Femi Osofisan’s Medaye in Ibadan

by Olakunbi Olasope

Prof. Olakunbi Olasope of the Department of Classics, University of Ibadan, Nigeria works on the reception of Greek and Roman theatre in West African drama, and in particular, the work of Femi Osofisan. In the African takeover blogs 9, 10 and 11 she writes about the recent performances of Medaye by Femi Osofisan in Ibadan in May…

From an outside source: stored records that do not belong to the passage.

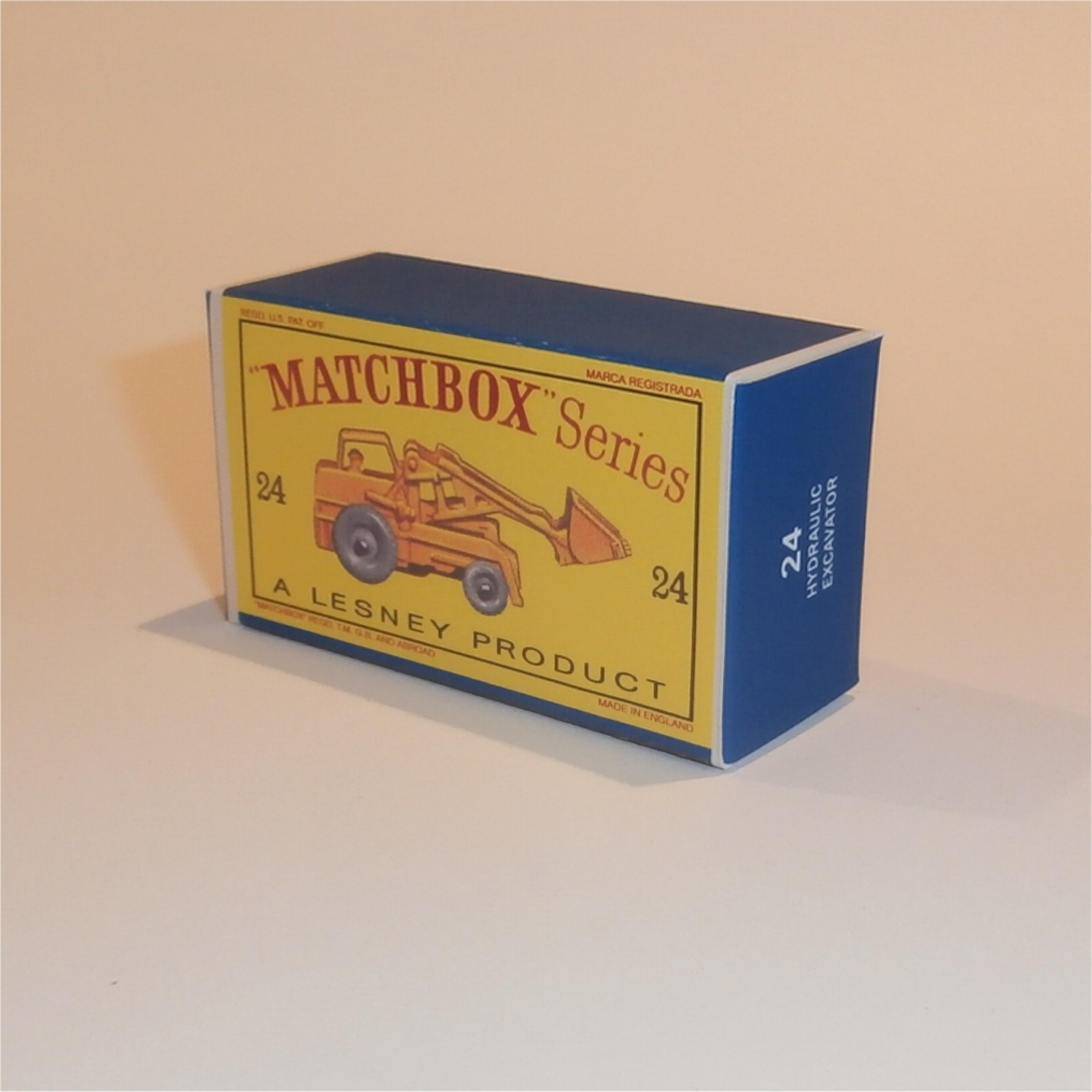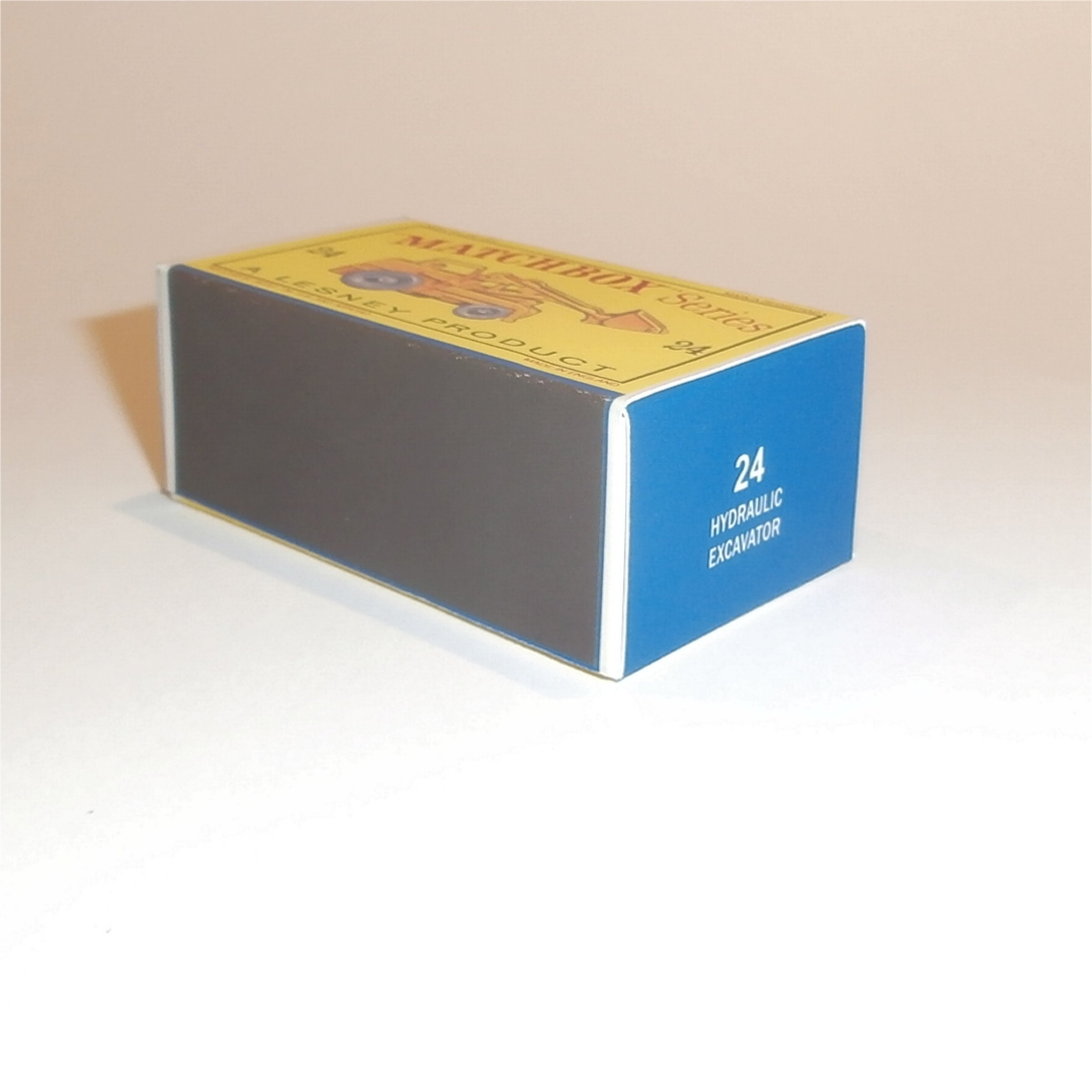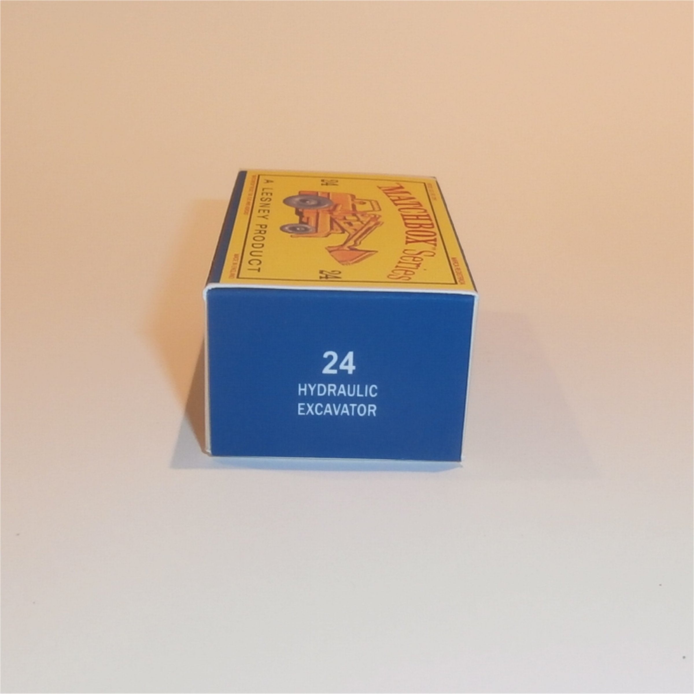 An empty reproduction Matchbox Lesney 24b Weatherill Hydraulic Excavator Empty D Style Repro Box.
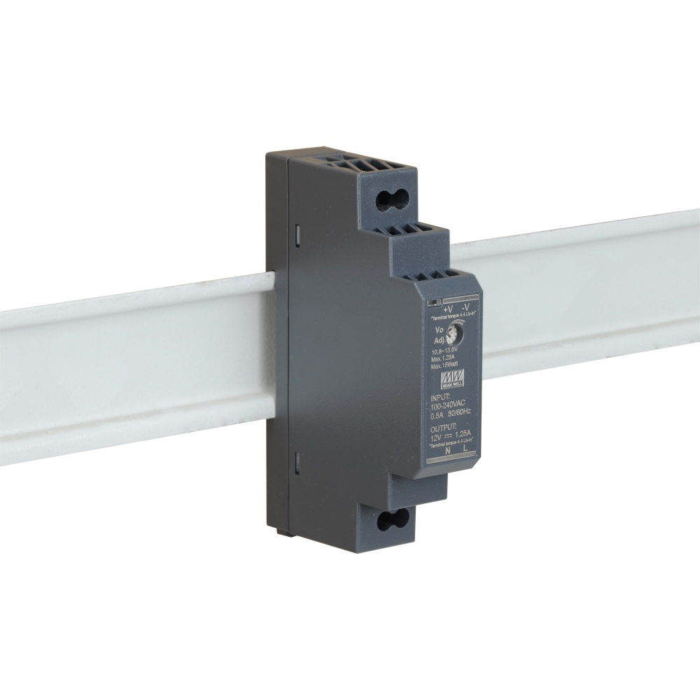 Zasilacz na szynę DIN 15W 1,25A 85–264V AC / 120–370V DC 12V marki Pulsar – kompaktowe i niezawodne źródło zasilania
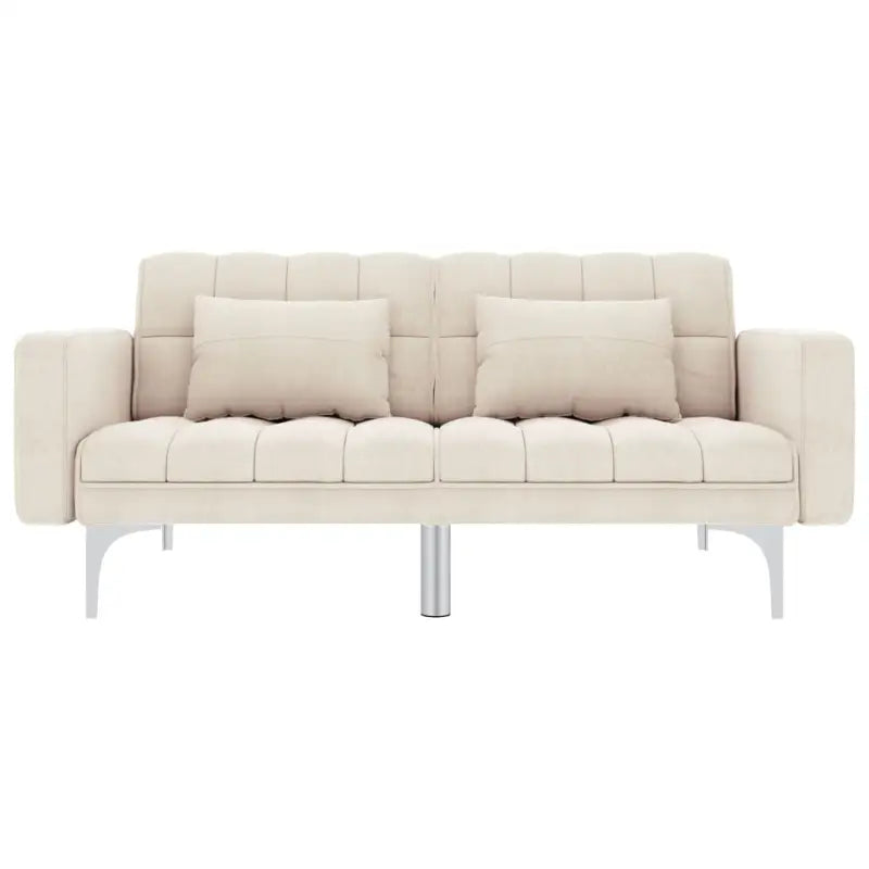 Het houten frame en de metalen poten dragen bij aan de stevigheid en de dikke voering maakt de bank extra comfortbal. Deze slaapbank kan snel en eenvoudig worden veranderd van een bank naar een bed en vice versa. Als bank kan hij in 3 verschillende standen versteld worden. De twee inbegrepen kussens zorgen voor extra zitcomfort.
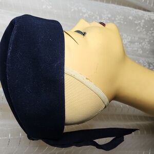 Vintage navy blue felt tilt hat (also known as a pillbox or Glengarry style hat) from the 1940s or 1950s.
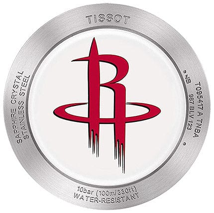 The Tissot Quickster Houston Rockets Special Edition series watch features a stainless steel 42 mm case, with a fixed bezel a silver dial and a scratch resistant sapphire crystal.
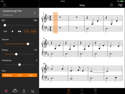 Smart Pianist에는 스마트 기기에 있는 곡을 피아노 반주 악보로 자동 생성하는 “오디오를 악보로 변환(Audio To Score)" 기능이 있어 원하는 곡을 따라 연주할 수 있습니다.
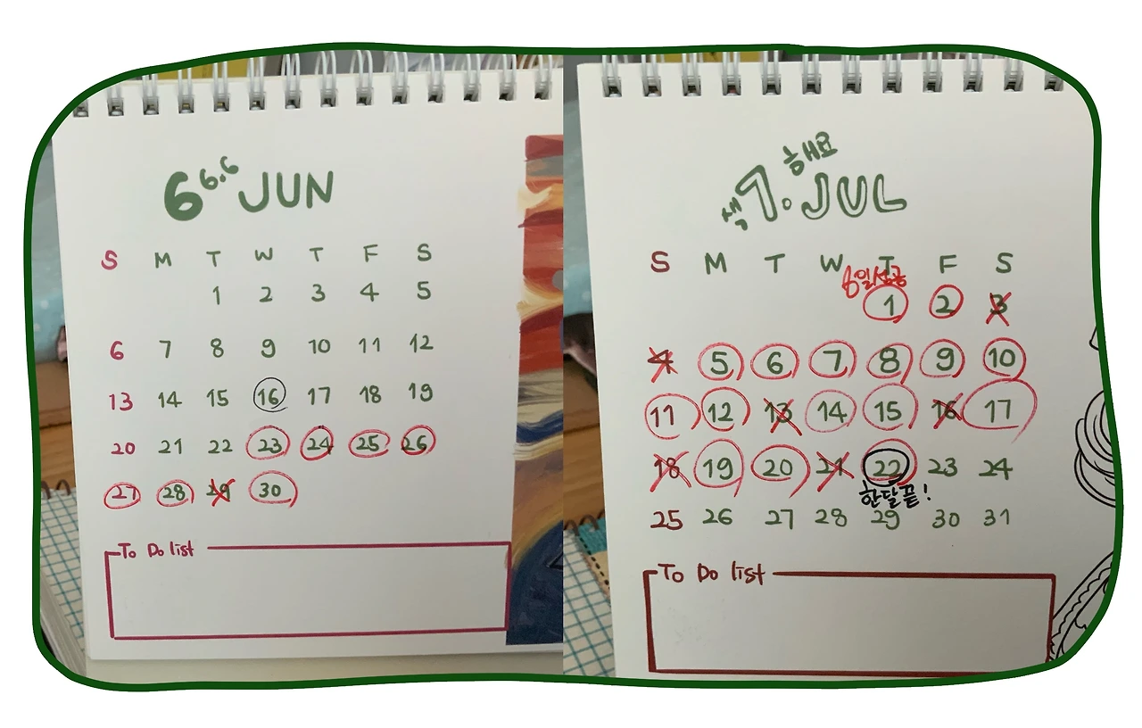 어제 실패했으니 한 달 연속이라는 기록은 이미 깨져서 도전할 이유도 없는데 제가 다음날 계단을 또 올랐더라고요. 그리고 엑스 표시 옆에 동그라미를 그리고요.
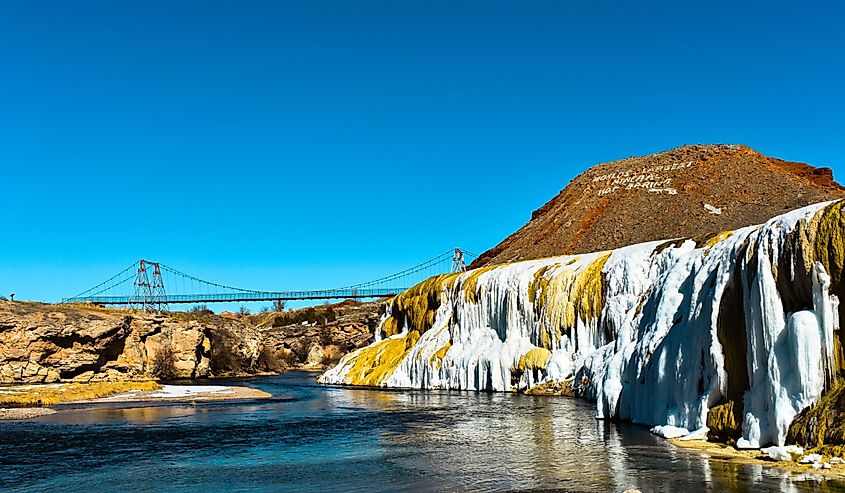 Thermopolis também possui um dos mascotes de beira de estrada mais incomuns do Wyoming – “Tepee Fountain”, uma estrutura em forma de cone criada em 1909 a partir de depósitos minerais formados pelo escoamento de fontes termais. À medida que o vapor das fontes termais é liberado, o vapor d'água esfria e os depósitos de travertino se acumulam uns sobre os outros. A estrutura lembra uma vela derretida, medindo o tamanho de uma casinha, e é uma das atrações mais peculiares do mundo.
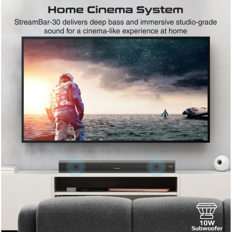 Home Cinema System With a built-in 10W Subwoofer, StreamBar-30 delivers deep bass and immersive studio-grade sound for a cinema-like experience at home. High Definition 30W Sound Hear everything with precise detail with the powerful, stellar sound-prWarning: Last items in stock!
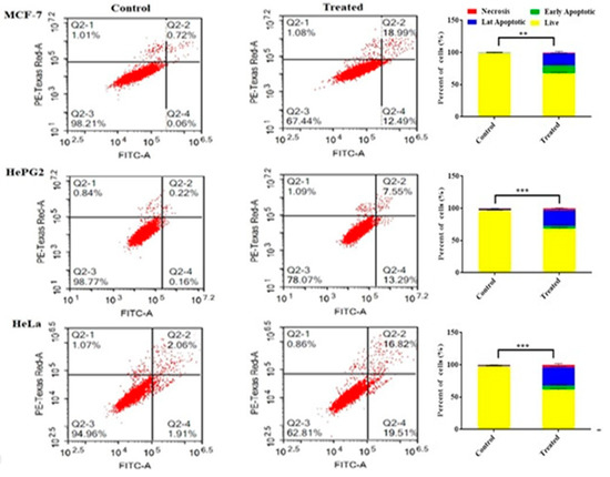 Apoptosis/necrosis assessment for compound 2 against MCF-7, HepG2, and HeLa cells subjected to previous treatment for 48 h, and apoptosis/necrosis quantified using flow cytometry. Data are presented as the mean ± SD; n = 3; ** p < 0.01 and *** p < 0.001.

Some musings after several public readings

Medaye the latest play by the renowned playwright, Femi Osofisan, is making the rounds in the city of Ibadan in preformed public readings. Prof Osofisan and I have collaborated on many projects in the past. This adaptation is our latest collaboration, and it has taken over ten years to prepare this play. It can be called an adaptation of the Medea of Euripides, or indeed a ‘transfiguration’ of the Greek play effected by its being processed through a consciousness informed by Yoruba history and culture—although the playwright, consummate artist that he is, takes certain crucial liberties in his handling of both that history and culture.  Osofisan himself has described the play as a ‘re-reading’, and since it is in essence nothing but a stage piece intended for an open audience, the play has been subjected to these public readings in order to improve its content. So, the play is probably still going to change.

Image of Osofisan and the director, Tunde Awosanmi. Photo credit: Olakunbi Olasope

As I have noted elsewhere, Osofisan writes these adaptations to depict his unwavering attention to his own historical and cultural contexts, his ideological purposes and his philosophical predilections. Consequently, he has found the Greek classics to be the appropriate template for these re-workings. Although every dramatic play is a cultural product of the specific historical and socio-cultural environment within which it is produced, the potency and effectiveness of the Medea plot has inspired this version despite  differences in contexts, location and period, and it has provided an opportunity to investigate the character of the granddaughter of the Sun-God, Medea, but in this instance, Medaye, daughter of Oya, Goddess of the sea, not so much as every woman but as a particular woman with a specific understanding of her own situation, and thus reacting as an individual to the dramatic changes brought to bear on her status within her own family, if not her society. This is the nut that the playwright throws into the midst of the audience in these previews of the play. The play complies with the theatrical conventions of the time of its original production, and these have ensured its communicability with the audience it is designed for and beyond. In this sense, the play is inspired by cross-cultural syncretism. As with other such adaptations, the resonance of the Greek classic is evident to that knowing section of the audience, and this helps to make a case for the continued study of the discipline of classics at the University of Ibadan. It is no news that the discipline is under siege in different parts of the world.

Greek drama has continued to be relevant because of its ability to speak to a mutable world. In the play, Osofisan has once again re-defined our connections with ancient Greek culture, and with culture anywhere else in the world, by manipulating elements that provoke the audience to take positions as the drama unfolds.  The production of a classical play, therefore, in contemporary times denotes an act more than transferring the classical dramatic text from its original socio-cultural environment to another, contemporary, socio-cultural context. In following the practice of drawing on traditional mythology as a means of re-examining contemporary realities, Osofisan based the plot of his Medaye on Euripides’ Medea, which itself is based on a Greek myth of inordinate conjugal love. Medaye is a tragic play in which the eponymous character murdered her two brothers and her own children alongside her husband’s new bride in blind jealousy. But how blind is this jealousy?  In the play, we go beyond seeing, participating, and experiencing the tragedy of the character of Medaye and her obsession with her husband, Atipo, which leads to the obliteration of the lives of those whom she holds dear. We are called on to critically comment on her motivations vis-à-vis the motivations of the other protagonists whose actions lead Medaye to her own decisions. For these dastardly acts, she has been both acclaimed and criticised. Osofisan, again, unsettles his audience as he is wont to do in this play. Osofisan’s drama concerns the position and treatment of women and outsiders in Yoruba culture. Medaye, the foreigner, female, sorceress, and murderer of her own children, is the archetypal transgressive outsider. She crushes Atipo through his sons—tragic betrayal, revenge, infanticide are crucial to the play.